License Grant. The Software made available by NVIDIA to you is licensed, not sold. Subject to the terms of this Agreement, NVIDIA grants you a limited, non-exclusive, revocable, non-transferable, and non-sublicensable (except as expressly granted in this Agreement), license to:
install and use copies of the Software, and
- distribute the Software in binary format as incorporated into a
software application subject to the following distribution requirements:
- Your application must have material additional functionality,
beyond the included portions of the Software.
- The distributable portions of the Software shall only be accessed
by your application.
- The following notice shall be included in modifications and
derivative works of sample source code distributed: “This software contains source code provided by NVIDIA Corporation.”
- Unless a developer tool is identified in this Agreement as
distributable, it is delivered for your internal use only.
- The terms under which you distribute your application must be
consistent with the terms of this Agreement, including (without limitation) terms relating to the license grant and license restrictions and protection of NVIDIA’s intellectual property rights. Additionally, you agree that you will protect the privacy, security and legal rights of your application users.
The foregoing (a) and (b) are, collectively, the “Purpose”.
License Restrictions. Your license to use the Software is restricted as stated in this Section 2 (“License Restrictions”). You will cooperate with NVIDIA and, upon NVIDIA’s written request, you will confirm in writing and provide reasonably requested information to verify your compliance with the terms of this Agreement. You may not:
Use the Software for any purpose other than the Purpose;
Sell, rent, sublicense, transfer, distribute or otherwise make available to others (except authorized users as stated in Section 3 (“Authorized Users”)) any portion of the Software, except as expressly granted in Section 1 (“License Grant”);
Reverse engineer, decompile, or disassemble the Software components provided in binary form, nor attempt in any other manner to obtain source code of such Software;
Modify or create derivative works of the Software;
Change or remove copyright or other proprietary notices in the Software;
Bypass, disable, or circumvent any technical limitation, encryption, security, digital rights management or authentication mechanism in the Software;
Use the Software in any manner that would cause them to become subject to an open source software license, subject to the terms in Section 6 (“Components Under Other Licenses”);
Use the Software in violation of any applicable law or regulation in relevant jurisdictions;
Use the Software for the purpose of developing competing products or technologies or assist a third party in such activities;
Indicate that a product or service developed with the Software is sponsored or endorsed by NVIDIA;
Replace any NVIDIA software components in the Software that are governed by this Agreement with other software that implements NVIDIA APIs;
Reverse engineer, decompile or disassemble any portion of the output generated using Software elements for the purpose of translating such output artifacts to target a non-NVIDIA platform; or
Distribute or disclose to third parties the output of the Software where the output reveals functionality or performance data pertinent to NVIDIA hardware or software products, results of benchmarking, competitive analysis, or regression or performance data relating to the Software or NVIDIA GPUs without the prior written permission from NVIDIA.

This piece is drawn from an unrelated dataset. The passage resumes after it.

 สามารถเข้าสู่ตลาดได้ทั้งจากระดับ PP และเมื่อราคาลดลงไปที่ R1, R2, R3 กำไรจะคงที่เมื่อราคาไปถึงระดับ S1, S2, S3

Authorized Users. You may allow employees and contractors of your entity or of your subsidiary(ies), and for educational institutions also enrolled students, to internally access and use the Software as authorized by this Agreement from your secure network to perform the work authorized by this Agreement on your behalf. You are responsible for the compliance with the terms of this Agreement by your authorized users. Any act or omission that if committed by you would constitute a breach of this Agreement will be deemed to constitute a breach of this Agreement if committed by your authorized users.
Pre-Release. Software versions identified as alpha, beta, preview, early access or otherwise as pre-release (“Pre-Release”) may not be fully functional, may contain errors or design flaws, and may have reduced or different security, privacy, availability and reliability standards relative to NVIDIA commercial offerings. You use Pre-Release Software at your own risk. NVIDIA did not design or test the Software for use in production or business-critical systems. NVIDIA may choose not to make available a commercial version of Pre-Release Software. NVIDIA may also choose to abandon development and terminate the availability of Pre-Release Software at any time without liability.

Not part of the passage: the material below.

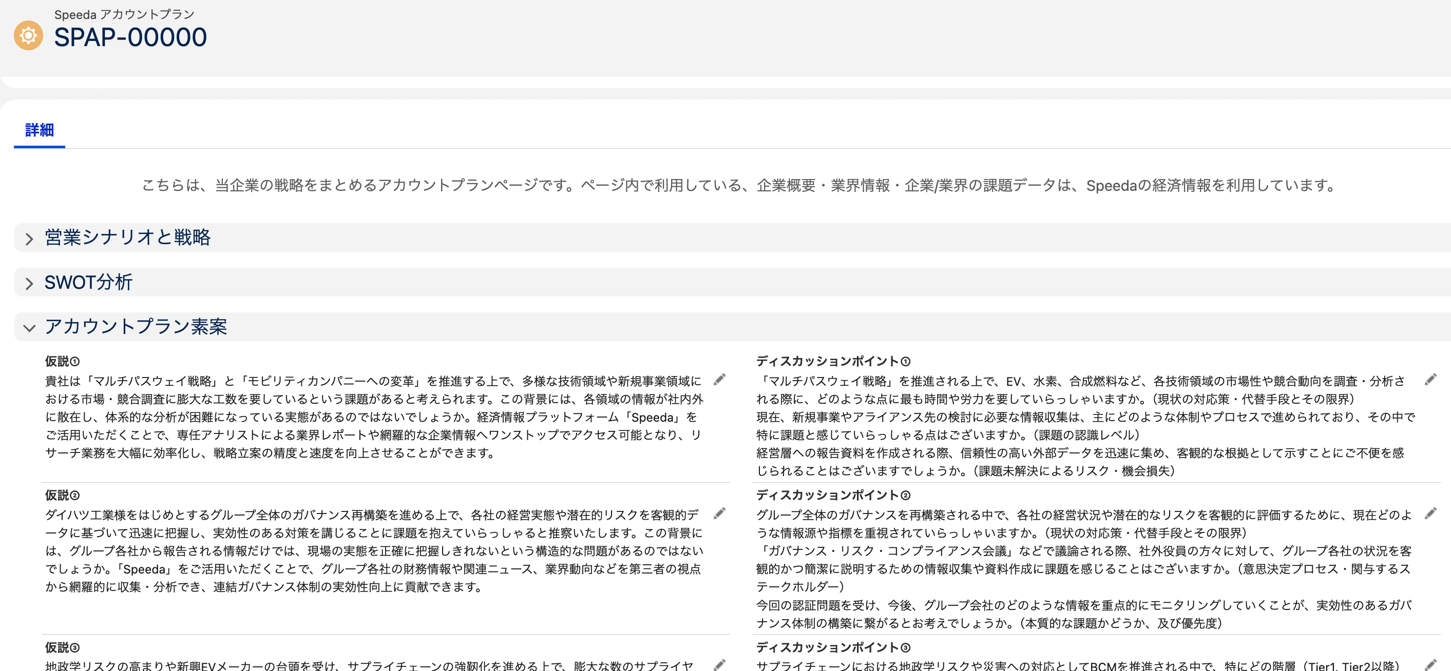 Speeda AI Agent for Salesforce v1.2以降でSpeeda アカウントプランに仮説やディスカッションポイントを表示させるにはSpeeda 商品便益に自社商品の商品便益を登録する必要があります。

Updates. NVIDIA may at any time and at its option, change, discontinue, or deprecate any part, or all, of the Software, or change or remove features or functionality, or make available patches, workarounds or other updates to the Software. Unless the updates are provided with their separate governing terms, they are deemed part of the Software licensed to you under this Agreement, and your continued use of the Software is deemed acceptance of such changes.
Components Under Other Licenses. The Software may include or be distributed with components provided with separate legal notices or terms that accompany the components, such as open source software licenses and other license terms (“Other Licenses”). The components are subject to the applicable Other Licenses, including any proprietary notices, disclaimers, requirements and extended use rights; except that this Agreement will prevail regarding the use of third-party open source software, unless a third-party open source software license requires its license terms to prevail. Open source software license means any software, data or documentation subject to any license identified as an open source license by the Open Source Initiative (http://opensource.org), Free Software Foundation (http://www.fsf.org) or other similar open source organization or listed by the Software Package Data Exchange (SPDX) Workgroup under the Linux Foundation (http://www.spdx.org).

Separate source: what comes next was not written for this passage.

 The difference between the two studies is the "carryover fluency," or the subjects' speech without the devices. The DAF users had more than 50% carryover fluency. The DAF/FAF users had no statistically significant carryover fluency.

Ownership. The Software, including all intellectual property rights, is and will remain the sole and exclusive property of NVIDIA or its licensors. Except as expressly granted in this Agreement, (a) NVIDIA reserves all rights, interests and remedies in connection with the Software, and (b) no other license or right is granted to you by implication, estoppel or otherwise.
Feedback. You may, but you are not obligated to, provide suggestions, requests, fixes, modifications, enhancements, or other feedback regarding the Software (collectively, “Feedback”). Feedback, even if designated as confidential by you, will not create any confidentiality obligation for NVIDIA or its affiliates. If you provide Feedback, you grant NVIDIA, its affiliates and its designees a non-exclusive, perpetual, irrevocable, sublicensable, worldwide, royalty-free, fully paid-up and transferable license, under your intellectual property rights, to publicly perform, publicly display, reproduce, use, make, have made, sell, offer for sale, distribute (through multiple tiers of distribution), import, create derivative works of and otherwise commercialize and exploit the Feedback at NVIDIA’s discretion.
Termination.
Termination. This Agreement will automatically terminate without notice from NVIDIA if you fail to comply with any of the terms in this Agreement or if you commence or participate in any legal proceeding against NVIDIA with respect to the Software. Additionally, either party may terminate this Agreement at any time with thirty (30) days’ advance written notice to the other party.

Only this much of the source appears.